THE FIRST COHERENT conspiracy theory took shape within a month of the marathon bombing. In May 2013, in London, I met with Akhmed Zakayev, the last surviving member of the 1990s pro-independence Chechen leadership who was still fighting that fight. He had no doubt that the bombing had been organized by the FSB, the Russian secret police. “Putin and his cohorts are the only ones who benefited from this bombing,” he said. How? Russia was preparing to host the Olympic Games in Sochi in 2014. Some politicians and media in the West had questioned the wisdom of giving the Olympics to Russia, because Putin’s law enforcement could not be trusted to ensure the safety of visiting athletes, dignitaries, and the public. Russia had seen dozens of terrorist attacks every year of the past decade—suicide bombings, car bombs, and several hostage-takings—so many, in fact, that they drew public attention, even inside Russia, only when the attacks occurred outside the embattled regions of the North Caucasus. In November 2009, a high-speed train going from Moscow to Saint Petersburg crashed, killing twenty-eight people and injuring more than ninety; law enforcement classified the disaster as a terrorist attack. In March 2010, two explosions in the Moscow Metro killed forty people and injured more than a hundred; a pan-Caucasian insurgent organization with roots in Chechnya claimed credit. In January 2011, a bomb went off in the arrivals hall of a Moscow airport, killing thirty-seven people and wounding 180. Add to this history the many attacks, large and small, in and around Chechnya and Dagestan; the fact that Sochi is geographically close to the region; and the Olympic Games’ unfortunate history as a terrorist target: the 1972 hostage-taking at the Munich Olympics, where eleven members of the Israeli team, one German policeman, and five of the terrorists were killed after a long standoff and a bungled rescue, was one of the attacks that launched the current era of international terrorism.
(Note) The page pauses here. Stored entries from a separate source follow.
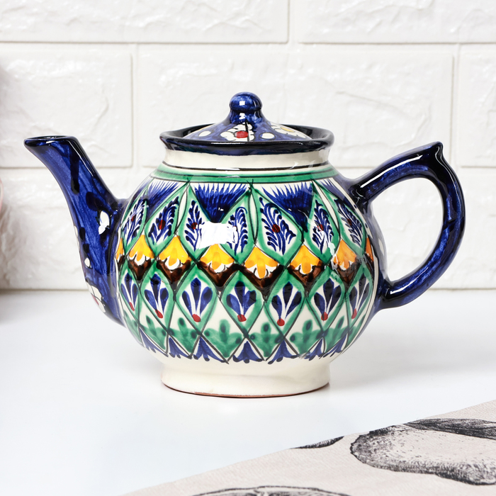 Керамический заварочный чайник объемом 1 литр с синим цветом и растительным орнаментом станет практичным и эстетичным дополнением к вашей чайной посуде. Его ручная работа и гладкая текстура подчеркивают уникальность каждого изделия, а яркий дизайн добавит восточного колорита в домашнюю атмосферу. Такой чайник идеально подходит для заваривания различных видов чая и создания уютных чаепитий.
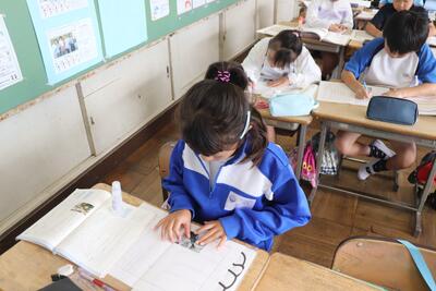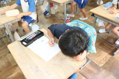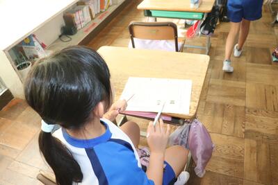 2年生は朝の時間にプリントを使って視写(となりの作文を見てそのまま写す)を行っていました。これは、集中して文字を読みとり、正確に写しながら書き込む力をつけるためのものです。児童は集中して取り組んでいました。
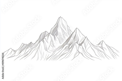 mountain, peak, landscape, minimalist, black-and-white, architectural, angular, technical, geometric, abstract, modernist, contrast, sharp, silhouette, monochrome, graphic, design, nature, scenic, environment, alpine, ridge, summit, slope, monumental, rugged, majestic, grandiose, imposing, craggy, jagged, serrated, pinnacle, massif, escarpment, elevation, topographic, terrain, cliff, illustration, mountain

According to Zakayev’s logic, Putin and his secret police, faced with growing concern about Russia’s ability to provide adequate security during the Olympics—and knowing just how well-founded this concern was—hatched a paradoxical plot. They enticed two Chechen-Americans, the Tsarnaev brothers, to set off bombs at the Boston Marathon. This would reposition Chechen terrorism as an international threat—something Russia had long claimed but lacked evidence to back up—as well as shore up American support for a continued Russian crackdown in the Caucasus and preemptively disarm any critics of what might prove to be an imperfect security effort in Sochi. After all, events would have ostensibly shown, the Americans had proved unable to protect their own sporting events against the Chechens.
Zakayev based his arguments on the known facts. By this time the FBI had acknowledged that back in 2011 the FSB had alerted it to Tamerlan’s existence, as part of a regular exchange of information on suspected terrorists. In Zakayev’s view, this showed that the FSB was already tracking Tamerlan. When Tamerlan traveled to Dagestan in 2012, Zakayev was convinced, it was at the FSB’s instigation. Once the young man was indoctrinated and trained, the FSB sent him back to the United States with instructions to set off a bomb at the next big sporting event.
No wonder Putin was uncharacteristically fast to react to the Boston bombing, becoming one of the first world leaders to express his condolences and stress the importance of international cooperation in the fight against terrorism. The Russian president, reasoned Zakayev, had planned the tragedy—and the reaction—himself.